Sonra, birtakım nesneler, unutulmuş eşyalar, terk edilmiş şeyler oluyor hep. Şimdiye kadar binlerce fotoğraf çekti; giderek filizlenen bu arşivdeki resimlerde kitaplar, ayakkabılar, yağlıboya tablolar, piyanolar ve tost makineleri, oyuncak bebekler, çay takımları ve kirli çoraplar, televizyonlar ve satranç, dama gibi oyun tahtaları, parti giysileri ve tenis raketleri, kanepeler, ipek çamaşırlar, derz dolgu tabancaları, raptiyeler, plastik action figürleri1 , rujlar, tüfekler, rengi solmuş şilteler, çatal bıçaklar, poker fişleri, bir pul koleksiyonu ve kafesinin dibinde yatan bir kanarya ölüsü var. Neden kendisini bu fotoğrafları çekmek zorunda hissettiğini bilmiyor. Bunun boşuna bir uğraş olduğunun, hiç kimseye bir yarar sağlamayacağının farkında; ama yine de her eve girişinde eşyaların kendisine seslendiğini, artık orada olmayan insanların sesiyle konuşarak kaldırıp atılmadan önce son bir kez kendilerine bakılmasını rica ettiklerini seziyor. Ekipteki diğer görevliler onun bu fotoğraf çekme saplantısıyla alay ediyorlar; ama o hiç oralı olmuyor. Ona göre ötekilerin hiç önemi yok, onları küçümsüyor. Ekip şefi Beyni Sulanmış Victor; kekeme geveze Paco; nefesi hırıltılı, şişko Freddy – hiçliğin üç silahşoru. Yasa, belli bir değerin üstündeki, kurtarılabilen eşyanın bankaya verilmesini öngörüyor; banka da bunları sahiplerine iade etmekle yükümlü; oysa iş arkadaşları hoşlarına giden her şeye el koyuyor ve gerisini düşünmüyorlar. Miles bu yağmaya – şişelerce viskiye, radyolara, CD çalarlara, okçuluk gereçlerine, açık saçık dergilere– sırt çevirdiği ve sadece resimlerin, eşyanın kendisinin değil eşyanın resimlerinin peşinde olduğu için ona aptal gözüyle bakıyorlar. Bir süredir çalışırken olabildiğince az konuşmaya dikkat ediyor. Paco ve Freddy ona El Mudo2 diye isim taktılar.

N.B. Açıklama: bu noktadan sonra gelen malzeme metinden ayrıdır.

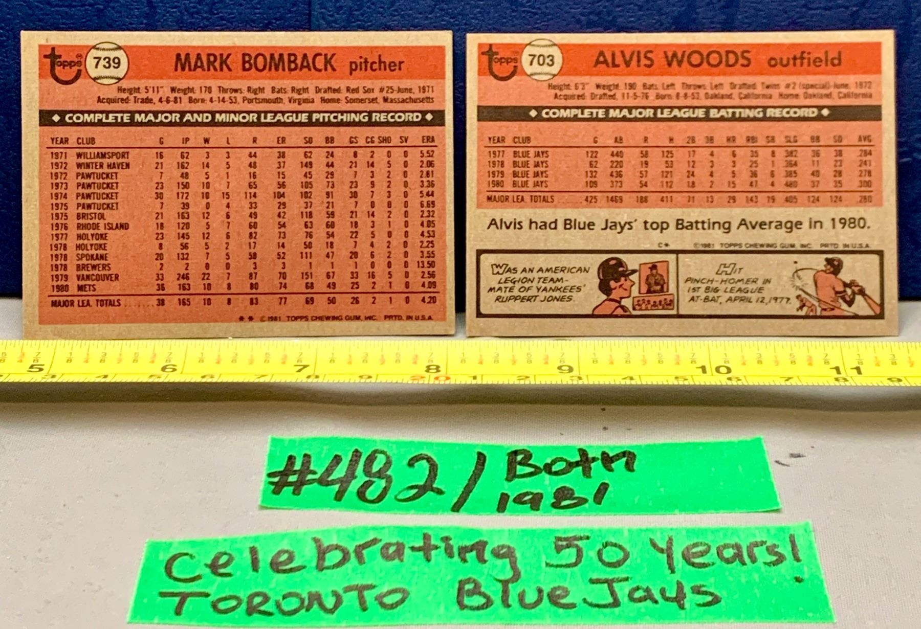 MLB Baseball Card - Toronto Blue Jays 1981 Mark Bomback & Alvis Woods
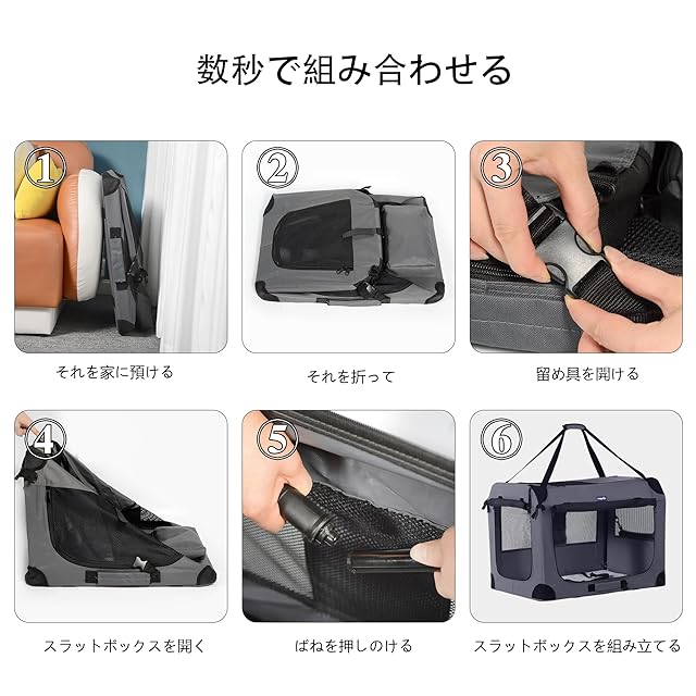 【折りたたみ式て使いやすい】折りたたんで持ち運び可能な布製ペットケージ。 組み立ても工具不要で数秒で完成できます。 コンパクトに折りたたんで収納することができて便利です。屋内に置いては中小型犬猫用ペットハウス、ペット用ドライブシート、室外にペット関連のアウトドアの場合ににご利用いただけます。
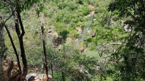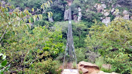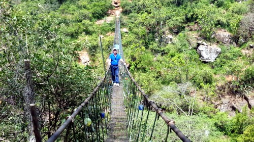 Se accede de la manera más espectacular posible, a través de un estrecho puente colgante, que si
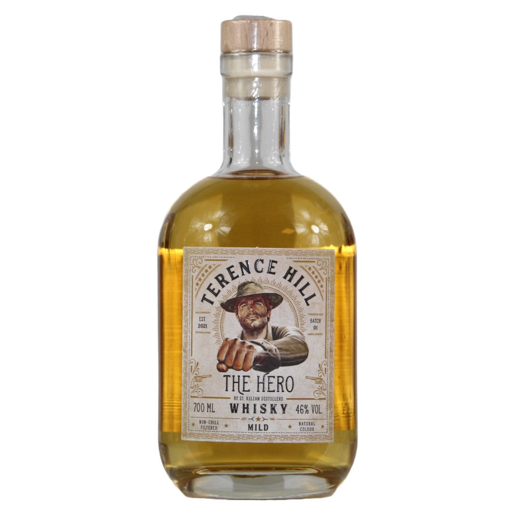 "Terence Hill - The Hero" ist ein einzigartiger Whisky von St. Kilian Distillers, der durch die Kombination von Ex-Rum Fassnoten aus eigenen Beständen und dreifach destilliertem Whiskey der Great Northern Distillery aus dem irischen Dundalk, der in amerikanischen Ex-Bourbon Fässern reifte, entstand. Ein Genuss für anspruchsvolle Whisky-Liebhaber!
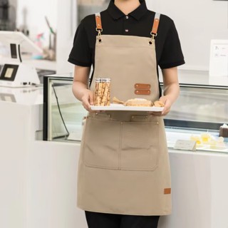 Avental Lona Impermeável Cozinha Unissex com Bolsos Ajustável Chef Garçom Barista Preto, Caqui, Azul
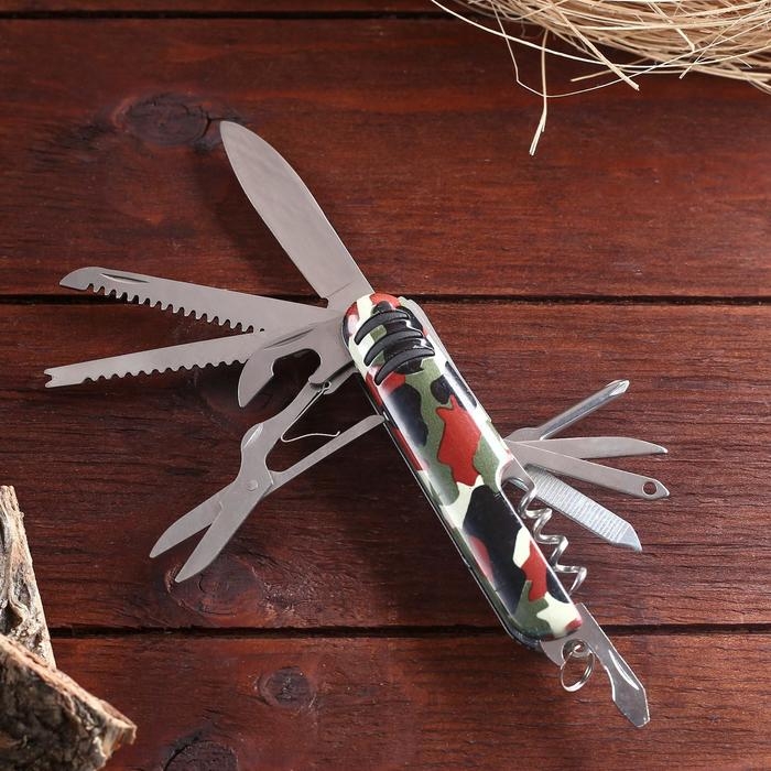 Нож швейцарский Камуфляж 12в1 можно охарактеризовать двумя словами – удобный и функциональный. Такой перочинный нож станет для вас незаменимым помощником, например, дома, в паходе или на пикнике. Потому что вы будете обладать арсеналом самых необходимых инструментов. С их помощью непростая ситуация разрешится в два счета.
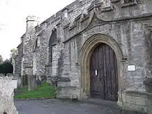 The church is built of rag-stone in the Perpendicular style with buttressed walls and a crenellated parapet. The tower is on the south-west corner and is 78 feet (24 m) tall.[1][8] It formerly had a spire, which was destroyed by a lightning strike in 1730.[1] It has a nave six bays long with aisles on the north and south sides with a clerestory running the length of the church. On the south side is a chapel originally for the use of the Fraternity of Corpus Christi, a local lay community.[1][2] The Credence and four-seated Sedilla incorporate a monument to the first master of the college, John Wotton (died 1417).[1][3] Further monuments exist to Archbishop Courtenay, Lawrence Washington (died 1619),[note 3] John Davy (died 1631) and a combined memorial to John Astley (died c. 1595), his son Sir John Astley (died 1639) and their wives.[1][10] Burials in the church include the Astleys, Washington and the three Barons Astley of Reading.[11] In the churchyard is the tomb of William Shipley, founder of the Royal Society of Arts.[12]
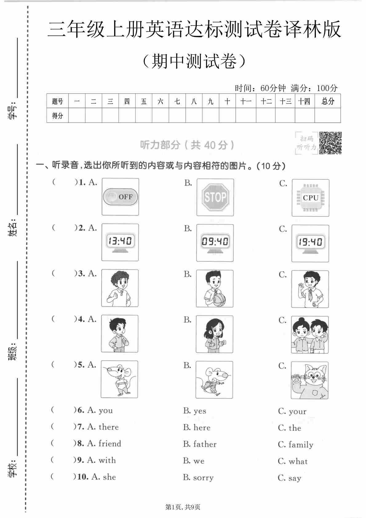 三年级(上)英语 期中达标测试卷《译林版》
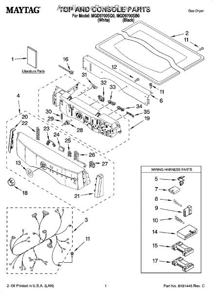 This harness clip secures appliance wiring to the cabinet or components to prevent rubbing, pinching, and interference with moving parts. It keeps wiring routed neatly for reliable operation and reduced risk of abrasion-related failures. What it does:

Miles yirmi sekiz yaşında; bildiği kadarıyla hiçbir beklentisi yok. En azından ateşli bir hırsı, makul bir gelecek kurmanın kendisine neler sağlayacağı hakkında en ufak bir fikri yok. Florida’da daha uzun süre kalmayacağını, yakında yine başka yerlere gitmek isteyeceğini biliyor; ama o isteğin kendisini harekete geçmeye zorlayacağı ana kadar, ileriye bakmadan bugünü yaşamakla yetiniyor. Üniversiteyi bırakıp başına buyruk yaşadığı şu yedi buçuk yıl içinde başardığı bir şey varsa, o da günü gününe yaşamak, bugün burada olmakla yetinmek yeteneğini geliştirmek oldu; bu, insanın becereceği en övünülecek bir iş olmasa da, belirli bir disiplini ve özdenetimi gerektirmişti. Hiçbir tasarısı olmamak, bir başka deyişle hiçbir özlemi ve umudu olmamak, elindekiyle yetinmek, güneşin doğuşundan bir sonraki tan vaktine kadar olan sürede dünya neyi sunuyorsa onu kabullenmek – kişi böyle yaşayabilmek için bir insanın isteyebileceklerinin en azını istemek zorundadır.
O da isteklerinden azar azar vazgeçerek olabilecek en düşük noktaya indirdi. Sigarayı ve içkiyi bıraktı, yemeğini artık lokantada yemiyor, televizyonu, radyosu, bilgisayarı yok. Arabasını bisikletle takas etmek istiyor; ama arabayı başından atamıyor, çünkü aldığı işler bisikletle gidilemeyecek kadar uzak yerlerde. Aynı durum seve seve kaldırıp çöpe atacağı cep telefonu için de geçerli; ama işi nedeniyle telefona ihtiyacı olduğundan ondan da vazgeçemiyor. Dijital kamera belki kurallarına aykırıydı; ama bitip tükenmeyen çöp temizleme işinin kasveti ve zahmeti yüzünden, kameranın hayatını kurtardığını hissediyor. Yoksul bir mahallede, ufak bir apartman dairesinde oturduğu için kirası az ve hayati gereksinimlere harcadığı para dışında tek lüksü kitap almak, ciltsiz kitaplar, çoğunlukla da roman, Amerikan romanları, İngiliz romanları, yabancı romanların çevirileri; ama sonuçta kitaplar lüks değil, hayati gereksinimlerden biri ve okumak da iyileşmeyi hiç istemediği bir bağımlılığı.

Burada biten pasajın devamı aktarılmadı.